There will be only one more year of district play in Class 6A and 5A football.
As of 2016, 6A and 5A will have an eight-game regular season, and the ninth game will be considered the first of the playoffs, with all 32 teams in each class participating.
The change, which eliminates the decades-old and often-criticized district system, was made Friday night after a proposal brought by the City League was passed by the Kansas State High School Activities Association board of directors.
“It is a big change,” said Mark Lentz, a KSHSAA assistant executive director in charge of football. “I think, no matter what, it’s different than what we did previously. It will be interesting to say. I can’t say if it’s good or bad. It’s different.”
In each class, teams will be split between east and west and Lentz will seed 1 through 16 for each region. Higher-seeded teams will host each playoff game.
“Anytime there’s change in high school football, and it’s been only once in my 20 years, I guess it’s pretty shocking,” Carroll football coach Alan Schuckman said.
Lentz said the board of directors was the only group needing to approve the change. The executive board will figure out details such as tiebreakers.
Heights athletic director Rick Wheeler was an architect of the proposal and surveyed all 6A and 5A athletic directors.

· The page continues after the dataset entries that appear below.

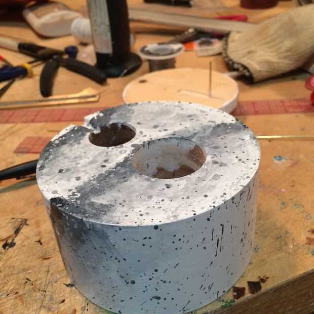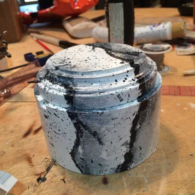 Una vez que la base esté completamente seca, volver a montar y luego rocíe con la capa transparente de brillo y deje que se seque. Una vez que esté seco, separar las partes base otra vez y cubrir la parte superior de la parte inferior de la mitad de la base. Deje que se seque.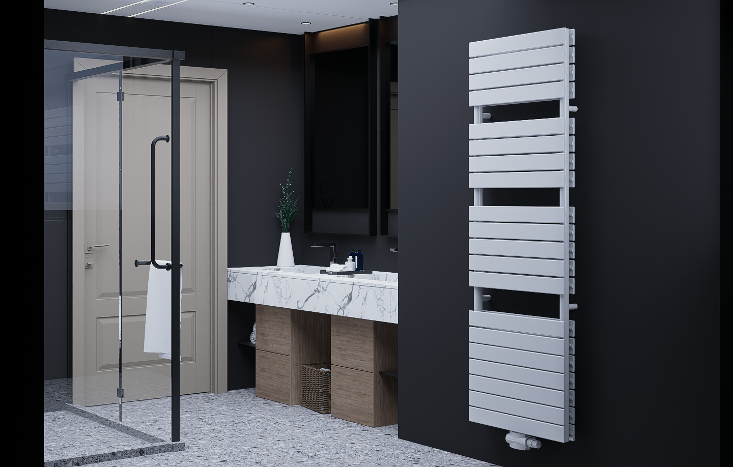 Този дизайнерски плосък радиатор 1800x600 мм предлага елегантен и минималистичен дизайн, комбиниран с висока топлинна ефективност. Изработен от висококачествена стомана с отлична топлопроводимост, той осигурява бързо и равномерно отопление във вашата баня.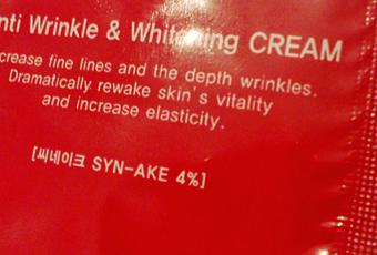 La primera es Syn-Ake, de Secret Key. Esta crema me ha gustado. De hecho, mi primera impresión fue muy, muy buena. Hidrata mucho, se absorbe rápidamente y deja una sensación muy agradable en la piel. La usaba de noche y realmente creo que mejora la textura del cutis.Sin embargo, como soy bastante cazurra y pasota, mi sorpresa llegó cuando, buscando información sobre esta crema, descubrí que estaba hecha con veneno de serpiente. Y, sí, ya sé que hay control y no pasa nada; pero... la verdad es que eso de hacer cremas con serpientes no me ha gustado nada de nada. Yo paso de comprarla por ese motivo. Llamadme tonta, pero soy así. Con todo, os doy mi sincera impresión. Otro defecto que le veo es el olor. No me ha gustado mucho. Es ligero, pero no es de mi agrado.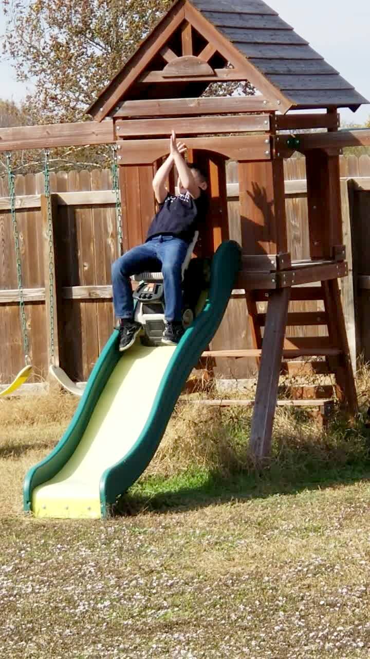 A tot boy climbs up a slide at a playground. When almost gets to the top he slips and says "Oh Nooooooooooo" as he slides down.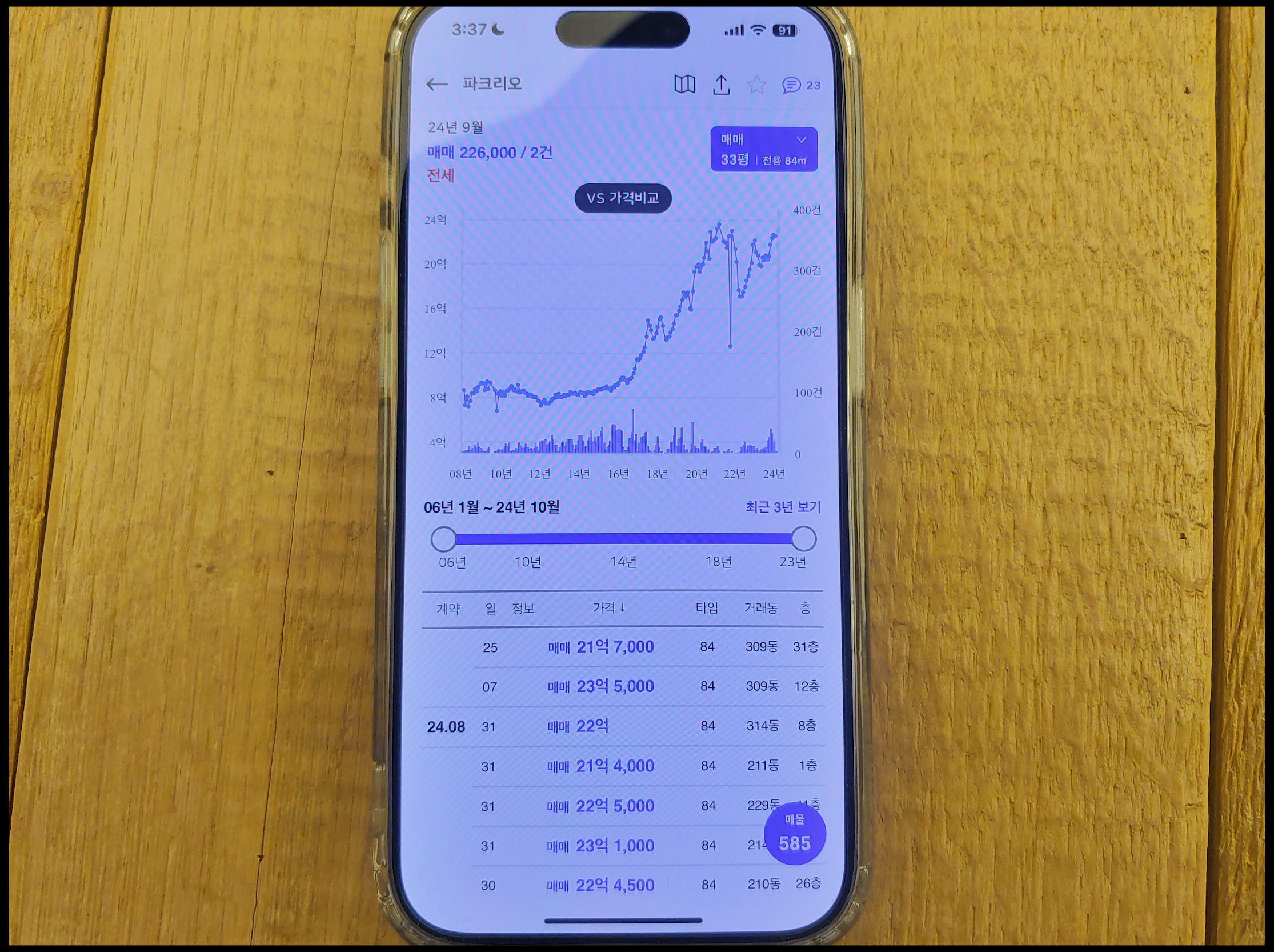 84E(15세대) : 1,748,500,000원(3층, 1세대) ~ 1,845,600,000원(11~17층, 7세대)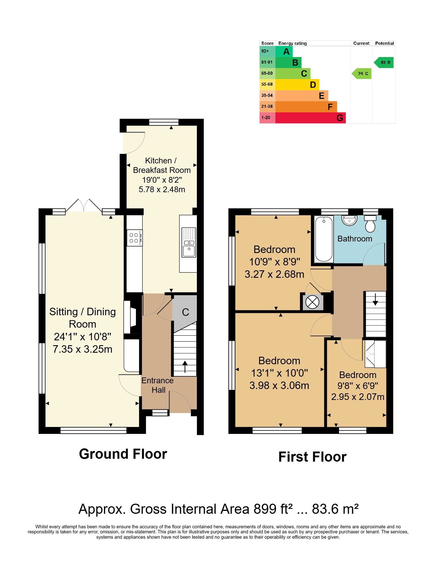 Entrance Hall - Sitting Room - Kitchen/Dining Room - First Floor Landing - Three Bedrooms - Bathroom - Garden - Driveway For Multiple Vehicles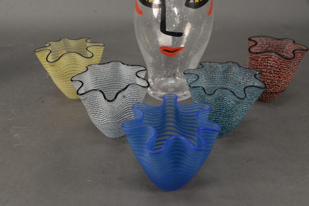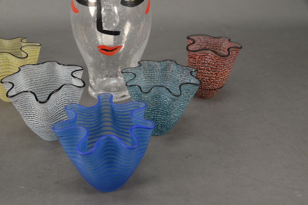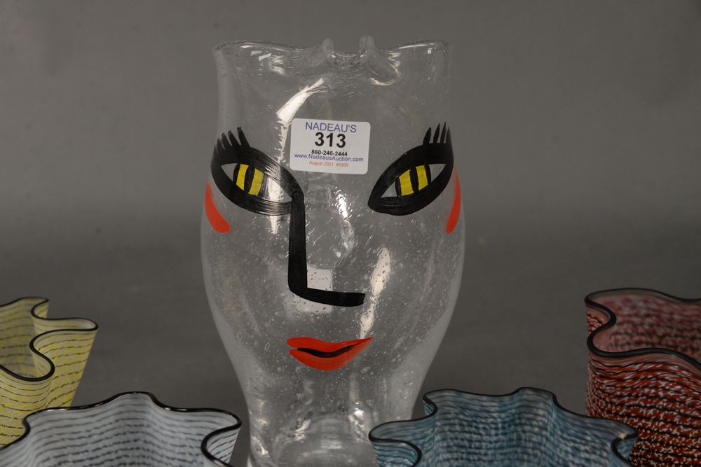 Lot 313: Six Piece Kosta Boda Ulrica Hydman-Vallien Lot, to include five freeform bowls having scalloped edges along with painted glass pitch…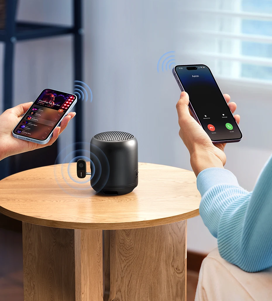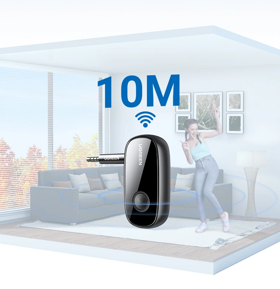 El adaptador inalámbrico Bluetooth admite una conexión de hasta 10 metros/33 pies, controlando la reproducción de música a larga distancia.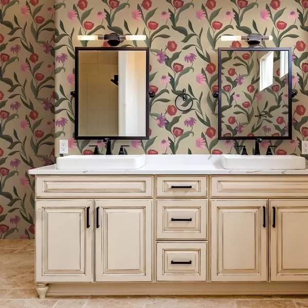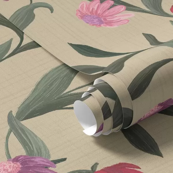 Tapetti Vaaleanpunaiset kukat beige-taustalla, käsin piirretty tekstuuri Nr. a00631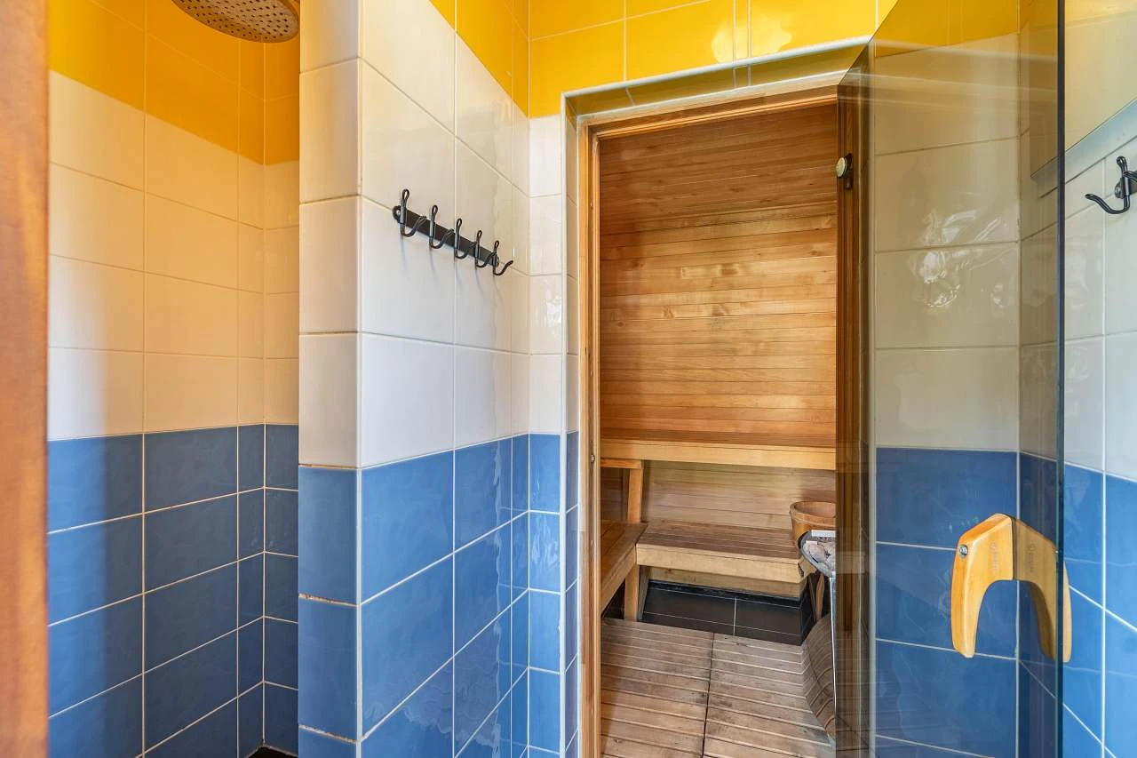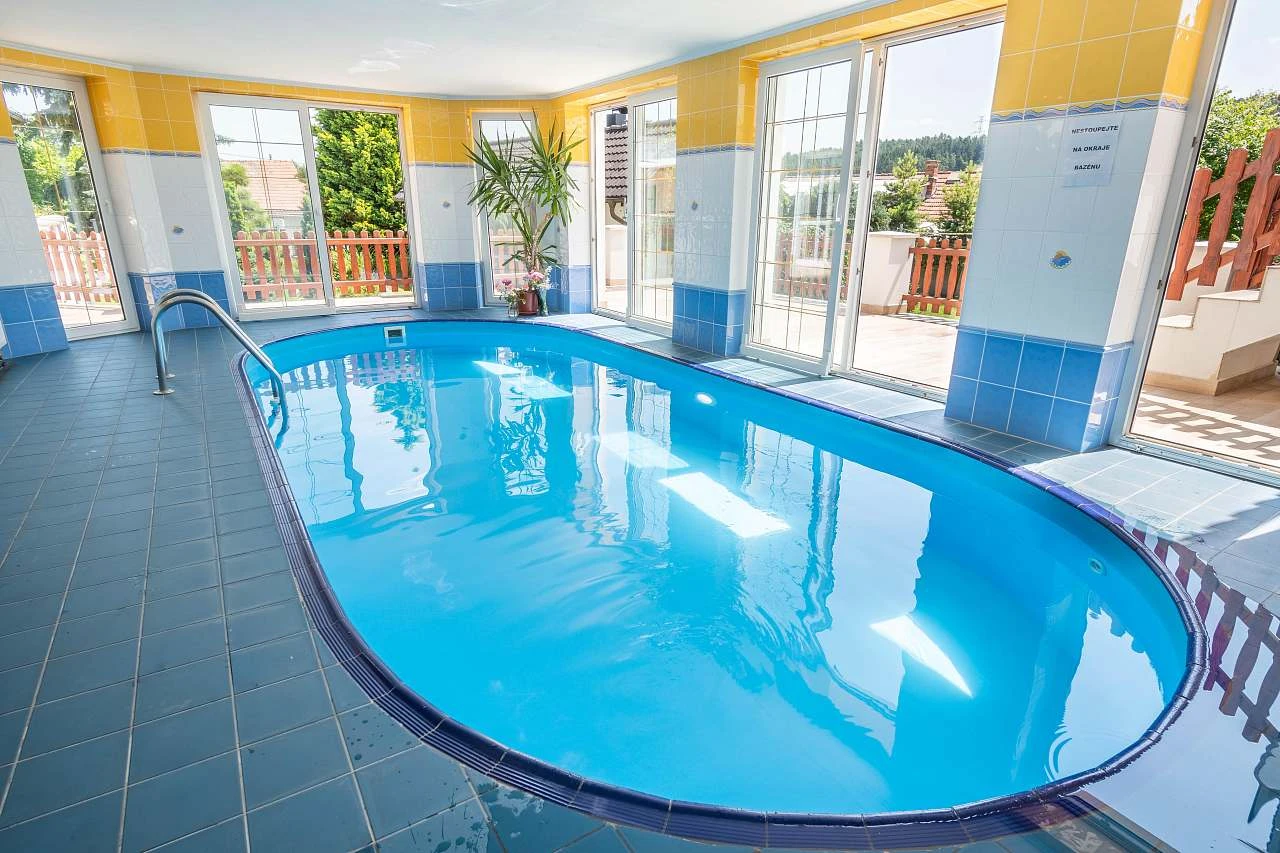 K dispozici je vyhřívaný vnitřní bazén o rozměrech 7 x 3 m s osvětlením a finská sauna pro 4 osoby.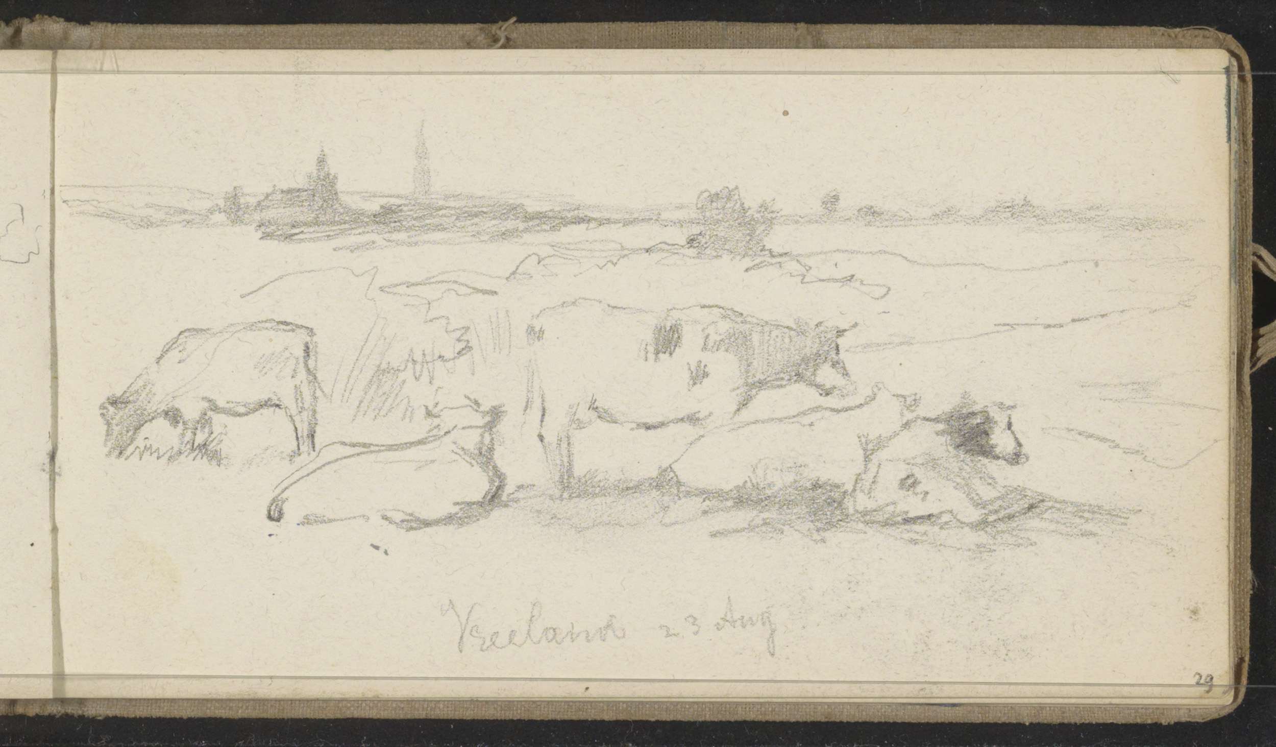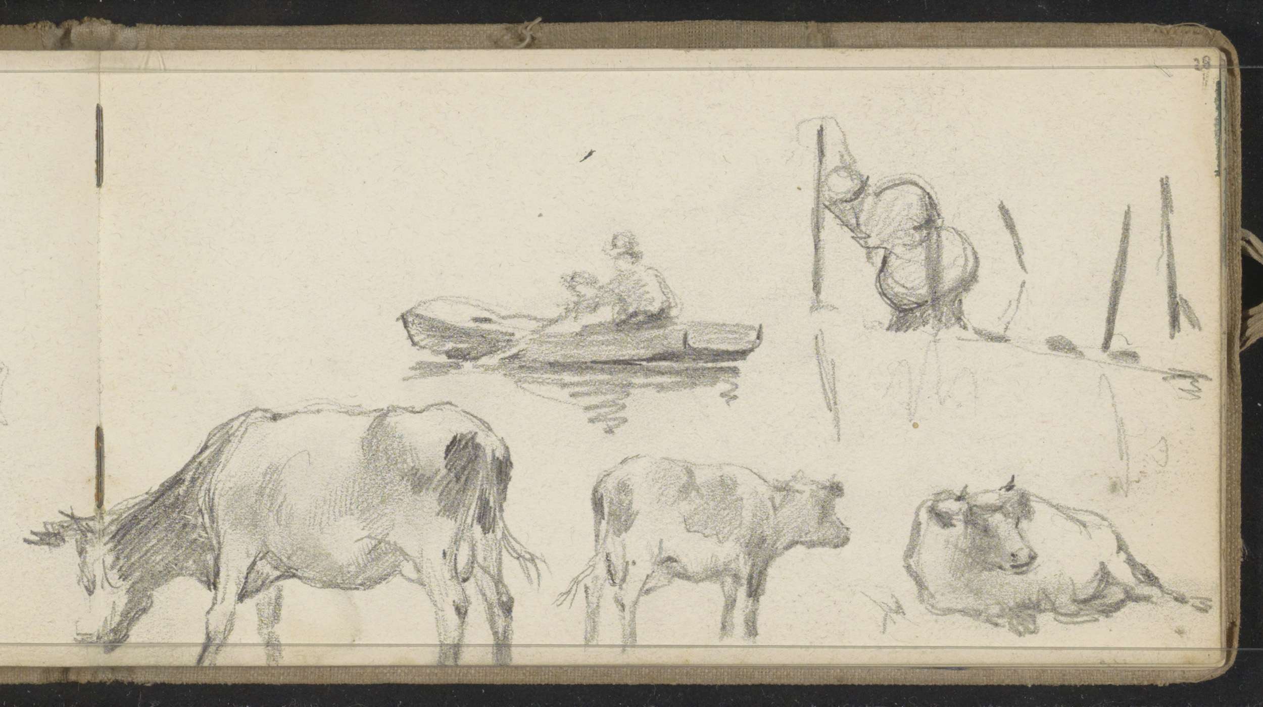 Koeien en een figuur in een roeiboot

“This is doing football like we do every other (team) sport in the state of Kansas, and that is play a regular season and then seed everyone according to record and then put them in a bracket,” he said.
Path to the vote
For three years, the association for Kansas high school athletic directors had considered three proposals — eight-team districts, a variation on the current four-team districts, and no districts.
The eight-game, no districts proposal was approved 46-0 in March. The athletic directors’ support likely helped the KSHSAA board of directors, Maize district athletic director Marc Haught said.
Western Kansas schools preferred the eight-team district plan because it meant they only needed to fill one non-district game.
“The (Western Athletic Conference), for as long as I’ve been AD over the last 10 years, every year we have proposed eight-team districts,” Dodge City AD Jay Gifford said of his league that includes Garden City, Great Bend, Hays and Liberal – the only 6A and 5A schools in western Kansas.
“It meant we would have our games scheduled for us because we struggle to fill our schedule. This proposal comes up, and with only five teams in our conference, we’d have four open dates.”
The City League, as a nine-school league, could fill its entire schedule with league opponents.
But the City League and Sunflower League (Douglas and Johnson counties) promised to leave spots in their schedules to aid the WAC.
“The Sunflower League has agreed to open up Week 1 to schedule,” Gifford said. “And the (City League) has agreed to open up enough games to make sure we can fill a schedule.”
The City League will play a six-game league schedule, playing an equal number of league opponents for the first time in decades. It will leave 18 non-league games to be scheduled.
“Now we can create some rivalry games,” Schuckman said. “Hutchinson-Bishop Carroll. Maize-Bishop Carroll. Maize South-Bishop Carroll.”
Lentz said the executive board would begin work on seeding details at its June meeting.
Tiebreakers could be an issue, although Lentz said the proposal included a recommendation that the current tiebreakers be used.
Derby coach Brandon Clark wondered if his team would be penalized in a tiebreaker for playing 5A schools.
“We’re in one of the best football leagues, yet we play some of the best 5A teams in the state, and we’re not playing 6A teams,” Clark said. “For a couple 6A teams in our league, if we have one or two losses to a 5A team, is it counted as a loss? Is it weighted? I really don’t know.”
Northwest coach Steve Martin also wondered about the seeding process in regards to scheduling.
“The big thing is, ‘OK, are you going to pad your schedules, get games that help in the playoffs, schedule games that will challenge you and get you ready for the playoffs? Or will you schedule and try to improve your seeding,’” Martin said. “I think everyone is in between.”
Why change now?
The current playoff system has 16 of 32 teams in the playoffs after nine regular-season game, and it pushed back the state title games to the Saturday after Thanksgiving.
But the system sometimes allowed teams with sub-.500 records into the playoffs out of a weaker district, while a 7-2 team in a tougher district could conceivably be left out.
“We believe that the playoffs system now is better than it was,” Heights’ Wheeler said. “… What we have done is try to brainstorm and problem solve and meet and discuss how things might be better.”
Wheeler said there have been proposals to change the current playoff system in both the football coaches association and athletic directors association for six years.
“What this tells me is people are waiting for change, any change,” Wheeler said.
It also means that all nine games are meaningful.
“You remember in districts, you might have that last game in the season where two teams in district are 0-2 and playing each other?” Means asked. “That game means nothing. Now, like in every team sport, you have a chance in Week 9.”